第一回 ミサイル、落ちちゃいました
はじめまして、まひるです。
少しずつアップしていきますね。応援よろしくお願いいたします。
コメント、メッセージ大歓迎です。「なろう」の仕組みがまだよくわかっていないので、これから覚えます!
--んなわけないだろ。
目の前に広がる光景に、僕は息をのんだ。
だって、ほんの十五分前、僕は兄のフータに連れられて、郊外の巨大なホームセンターに来たばかりだったんだ。これまた、端から端まで歩くのに小一時間かかりそうな、でっかい駐車場に車を停めて、ホームセンターのシンプルかつ機能的な建物に歩いていった。

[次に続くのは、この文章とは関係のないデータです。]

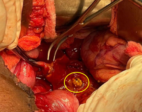 The patient arrived at the quaternary care hospital in poor condition, tachycardic, with fever, and signs of peritoneal irritation. Liver function was normal, with a C-reactive protein of 7.7 mg/dL, leukocytes of 10,700 mm3, and platelets of 512,000 mm3. An urgent exploratory laparotomy was planned due to suspected duodenal perforation. The surgery revealed free serous intrabdominal fluid, adhesions of the small intestine to the pelvis, a long appendiceal stump, inflammatory changes in the right retroperitoneum, and distal CBD necrosis with a secondary perforation due to an embedded gallstone, as observed in Figure 2. The gallbladder had a normal macroscopic aspect. Drainage of the peritonitis and release of the right colon through Toldt’s line and Kocher’s maneuver were performed to achieve adequate exposure of the duodenum and hepatic hilum, which showed a significant inflammatory process. Support from hepatobiliary surgery was requested during the intraoperative period, and a careful cholecystectomy was performed. Due to the condition of the bile duct, it was not possible to perform a primary raffia or management with a T-tube. Therefore, a distal bile duct resection and reconstruction with Roux-en-Y hepaticojejunostomy were opted for.
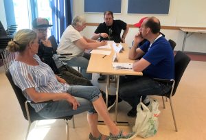 Alla presenterade sig för varandra. Deltagarna kom från Kungsbacka, Halmstad, Hyltebruk, Knäred och Laholm. Alla fick skriva sina namn på skyltar så alla vet vad man heter.
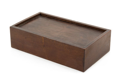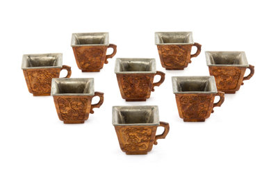 each of square sectioned, carved to the exterior depicting pine trees, lotus and flowering prunus, having a curved handle, all fit in a hardwood box.
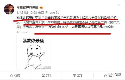 知道这首歌有两部分的人已经预言了韩寒会利用这个来炒热度,等热度炒的差不多再把第二首给放出来,给大家来一个反转。看他们微博上时间,都是在韩寒发博之前。
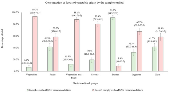 Figure 3 depicts the average consumption of portions from various plant-based food groups compared to AESAN recommendations. The findings reveal that 93.1% of respondents did not meet the daily recommended intake of vegetables (≥3 servings/day), 58.5% fell short of fruit recommendations (≥2 servings/day), and 88.1% failed to reach the combined fruit and vegetable intake target (≥5 servings/day). The consumption of legumes (≥4 servings/week), nuts (≥3 servings/week), and cereals (3–6 servings/day) were also below recommendations. The only plant-based food group meeting the guidelines was tubers, with 91.2% of participants consuming one or fewer servings per day (Figure 3).
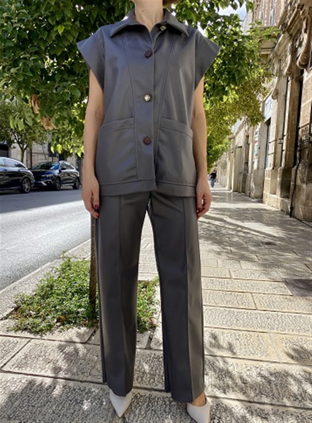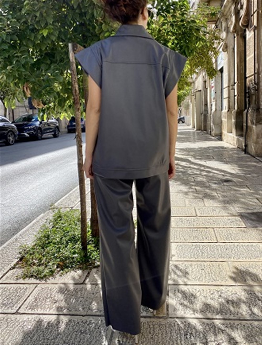 T0704 Pantalone a gamba dritta in ecopelle

建物はちょっと、ガラス張りの宇宙船みたいでもあった。
「引っ越し先の家具なんか、向こうで探せばええやん」
僕はフータの後ろから、ぶうぶうと文句を言いながらくっついていった。
「この店に、ええ感じのクッションがあってんて。柄がめっちゃええねん。ここでちょう待っときや、ケント。探してくるから」
フータはこの春から九州の私立大学に進学することになっていて、ワンルームマンションで優雅にひとり暮らしをするのだそうだ。

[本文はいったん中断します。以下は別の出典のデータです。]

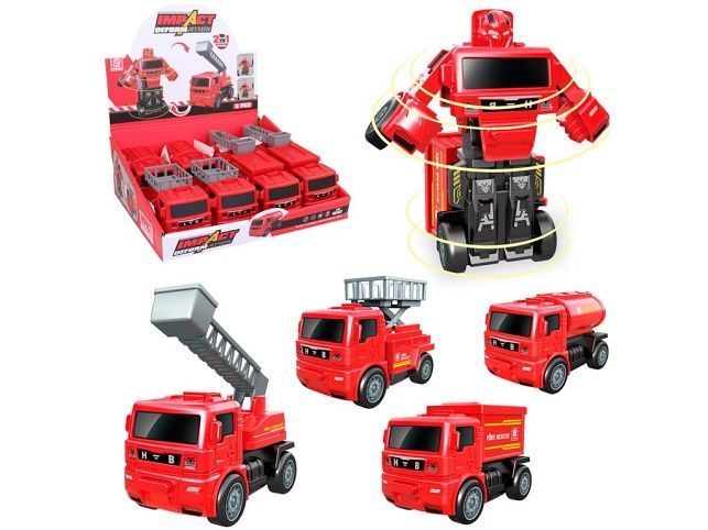 Robot - hasičská auta, měnící se, na setrvačník, 11,5 x 6,5 x 8,5 cm. Auto nebo robot? Můžeš si vybrat během své hry s čím si chceš hrát. Hračka je určena pro děti 3+. Rozměr hračky je 11,5 x 6,5 x 8,5 cm. Materiál hračky je plast. Balení hračky je display box. Produkt je určený pro kluky.
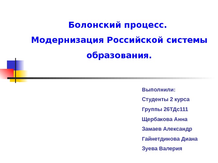 Болонский процесс. Модернизация Российской системы образования. Выполнили:
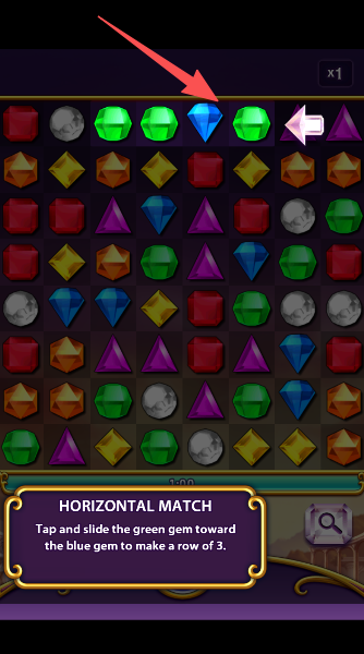 1、只要把三个或更多同色宝石连成一条线,它们就会“嘭”的一声消失,超解压。
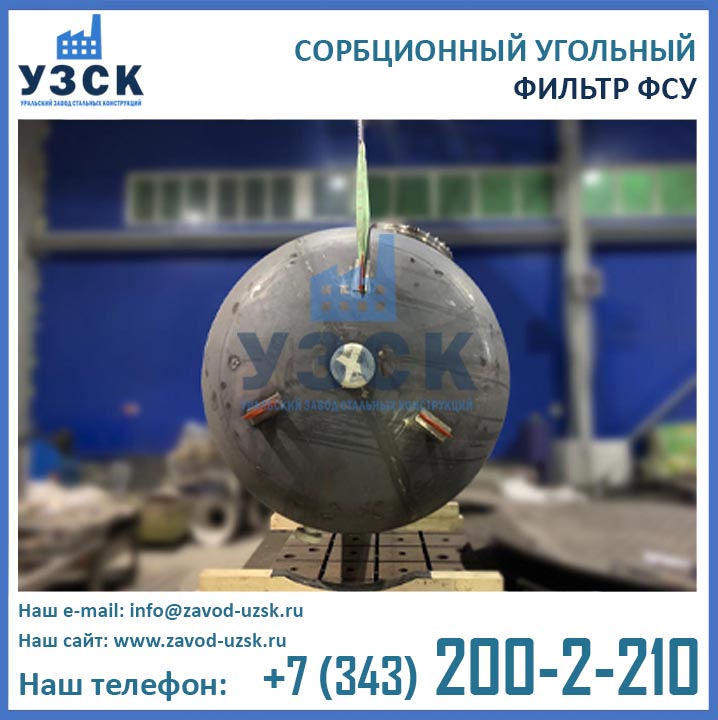 Качественную работу отопительных и промышленных котельных, линий по очистке конденсата и природных вод, электростанций обеспечивает фильтр сорбционный угольный типа ФСУ — вертикальный сосуд с одной камерой цилиндрической формы. Основное назначение оборудования состоит в глубокой очистке возвращаемого с производства конденсата от запахов, органических загрязнений и привкусов. Использование ФСУ в системах водоподготовки гарантирует очищение субстанции от масел, органических примесей, остатков нефтепродуктов до нормального значения — 0.52-1.0 мг/л. Купить в Черкесске угольные фильтры предлагает наш Уральский завод стальных конструкций. Мы выполняем производство ФСУ под нужды предприятия, возможно изготовление сорбционных фильтров ФСУ из нержавеющей стали включая корпус и внутренние устройства.
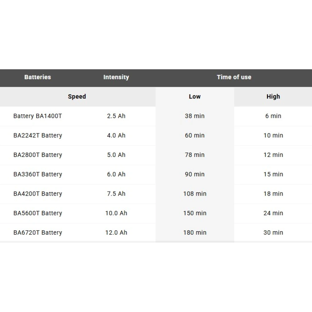 - до 78 хв - час роботи від акумулятора ємністю 5 А*год на мінімальній швидкості

そんな金はうちにはないとか、ひとりで住むなんてぜいたくだとか、仕送りなんてできないからバイトばっかりで結局卒業できないぞとか、両親がそろって猛反対していたけれど、僕だけは喜んでいた。
ワンルームでひとり暮らしなんてかっこいいし--だいいち、フータが出て行けば、うちの狭い子ども部屋を、僕がひとり占めできるじゃないか!

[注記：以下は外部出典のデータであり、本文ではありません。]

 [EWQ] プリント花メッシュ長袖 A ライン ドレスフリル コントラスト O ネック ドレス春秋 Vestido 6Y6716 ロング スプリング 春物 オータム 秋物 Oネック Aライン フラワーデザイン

お気に入りのクッションを探しもとめて、エスカレーターで上の階に消えた兄を見送った。ええ感じのクッションねえ、と僕はフータの後ろ姿を見上げながら思う。
フータはこだわる性格だ。服装だって、自分が気に入ったものしか絶対に着ない。今だって、チェックのシャツなんだけど、色はピンクだ。
うん、ピンク。それもショッキングピンク。
それにブラックデニムのスリムパンツに、スニーカーはオレンジだ。
アタマ変だろ!?
まあ、弟の僕が言うのもなんだけど、顔はそこそこイケてるから、何を着てもそれなりにサマになるのはうらやましいんだけど。
フータの姿が消えたので、さてどこに行こうかなと僕はフロアを見渡した。たしか一階に、ゲームコーナーがあったはず。あそこでしばらく、ゾンビを撃つゲームをやっていても、それほどお金はかからないはず。
ゲームコーナーに歩きだしたとき、それは起きた。
じ、地震!?
揺れてる。最初は軽い揺れだったのが、しだいに大きくなって、立っていられなくなり、僕は床にうずくまった。頭上に照明器具があって、落ちてきそうで怖かったので、這うように身体の位置をずらしながらだ。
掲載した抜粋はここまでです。